US healthcare must provide a transparent view of all pricing for consumers to better manage their healthcare costs. Consumers are now saddled with higher co-pays and other out-of-pocket expenses from payers. One component of increasing healthcare costs are drug costs. Prescription drug prices in the United States are significantly higher than in other nations, with prices in the United States averaging 2.56 times those seen in 32 other nations, according to a new RAND Corporation report. Consumers are driving politicians to address the impact of current PBMs on healthcare drug costs. This will provide new opportunities for new PBM solutions to replace current models. Providers, payers, and pharmaceutical companies must be held accountable for their costs and pricing.

The Players: Emerging PBMs with Transparent Drug Pricing Models

Large employers and the current US political environment will drive new PBM models with transparent pricing and rebate sharing models. The following are two emerging examples:

Emsana Health: works with large employers to design and build solutions that address their unique healthcare needs.
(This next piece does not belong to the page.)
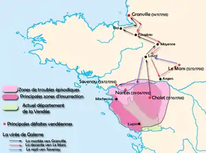 La Rochejaquelein dividió su ejército en tres cuerpos. Tomaron Ernée el 2 de noviembre y Fougères el día 3 en rápidos ataques consecutivos. A continuación, los vandeanos tomaron rumbo a Dol-de-Bretagne, alejándose definitivamente de Rennes. La Rochejaquelein siguió hacia Pontorson y Avranches, con el puerto de Granville como objetivo final. Con el grueso de la tropa, unos 30.000 hombres, atacó sin éxito el 14 de noviembre.[5] Las fortificaciones demostraron ser demasiado fuertes y la guarnición republicana muy numerosa y motivada. Los vandeanos quedaron completamente desmoralizados y casi se levantaron contra sus líderes exigiendo volver a sus hogares.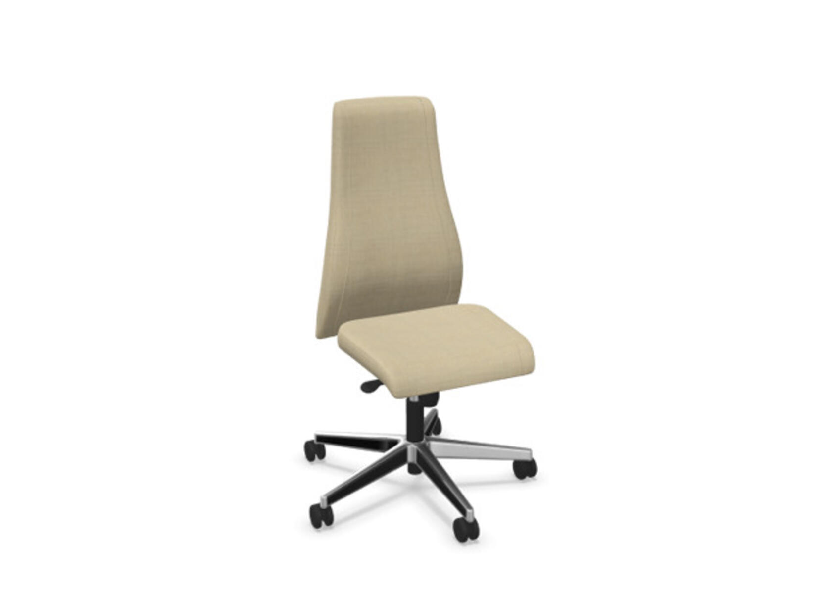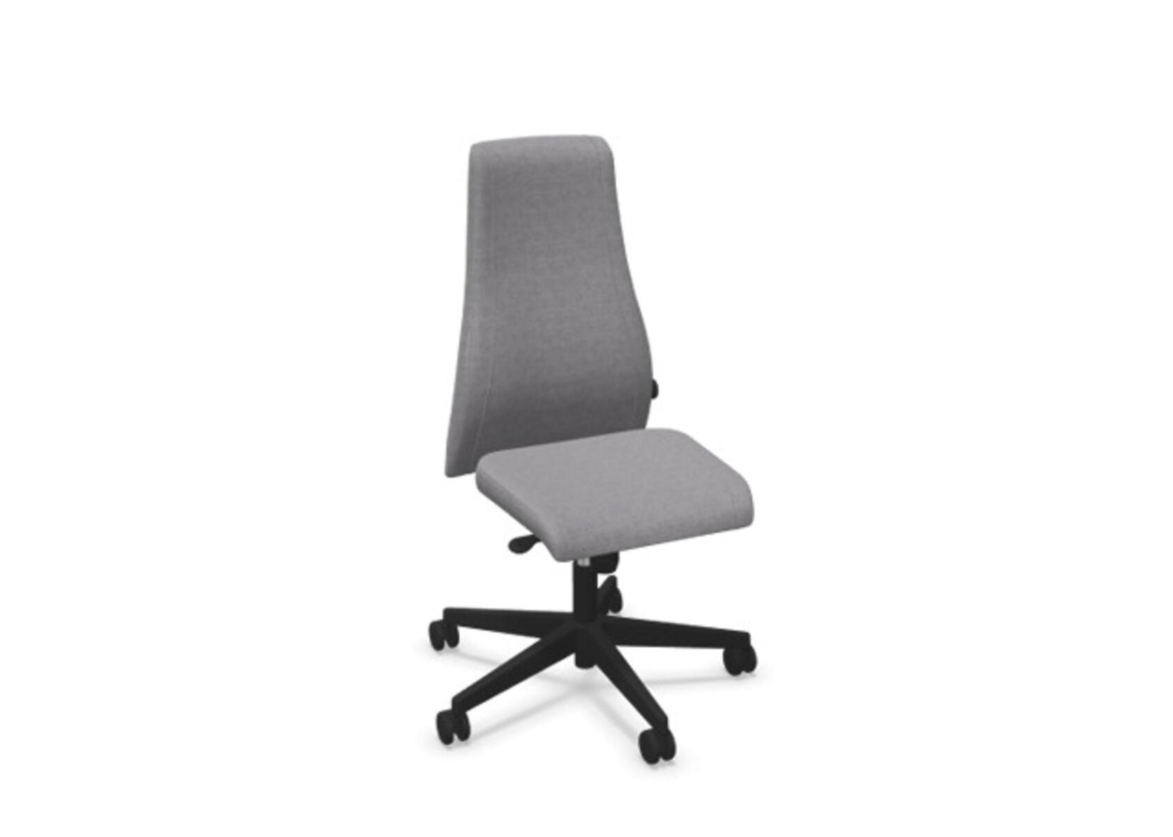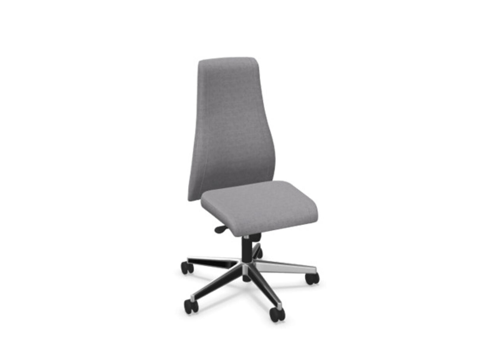 En stilren og ergonomisk kontorstol med heltrukket høy rygg og synkronmekanisme samt justering av sittedybde, utformet for å gi støtte ved aktiv sitting gjennom hele arbeidsdagen. Trukket i polyesterstoff. Den synkroniserte vippen mellom ryggstøtte og sete gir en aktiv og komfortabel sittestilling. Ryggstøttens vippevinkel er 23° synkronisert med setets vippevinkel på 10°. Ryggstøtten kan låses i 5 ulike posisjoner for individuell tilpasning, og motstanden i ryggstøtten justeres enkelt med et dreiehjul i 7 trinn. Ryggstøtten er høydejusterbar innenfor et område på 70 mm med 13 låseposisjoner. Sittedybden kan justeres innenfor et område på 60 mm. Negativ setevinkel på –2° synkronisert med ryggstøtte ved 5°, noe som sikrer optimalt ryggstøtte i alle vippeposisjoner. Stolen har også Anti-Shock-funksjon som hindrer ryggstøtten i å slå tilbake når vippen låses opp. Velg mellom kryss i svart polyamid eller polert aluminium samt selvbremsende hjul for myke eller harde gulv. Som tilvalg finnes også korsryggstøtte, manuelt justerbar i dybden (20 mm) med et dreiehjul. Armlener i 2D, 3D eller 4D selges separat.

Mark Cuban Cost Plus Drug Company: produces low-cost versions of high-cost generic drugs and providing radical transparency to drug pricing.

Success Factors

  1. Providers that are self-insured or that offer health plans to their markets should begin to assess emerging PBMs that provide transparency into negotiated drug prices and rebates that can be shared.
  2. Providers should evaluate emerging PBMs for providing drugs to their hospital pharmacies to assist with lower drug costs for their patients.

Summary

Group Purchasing Organizations (GPOs) have or had similar business models to the PBMs. They refused to disclose their pricing and rebate programs and came under intense scrutiny by the government. The Senate Judiciary Committee’s Subcommittee on Antitrust began a series of hearings that would run through 2006. These hearings lead to the GPO trade group enacting a code of conduct for members regarding pricing transparency.

PBMs are now facing a similar environment relative to their market control and debate on their true effectiveness in controlling drug costs to the benefit of the public. The current social infrastructure bill before congress provides a component for Medicare to begin negotiating drug prices for the Part D program. Payers are likely to drive a similar drug negotiation program with pharmaceutical companies, and that will require PBMs to provide pricing and rebate transparency. The technologies for sharing drug information between manufacturers, payers, and providers demand that PBMs move to a business model that supports transparency of their services to enable more cost-effective healthcare.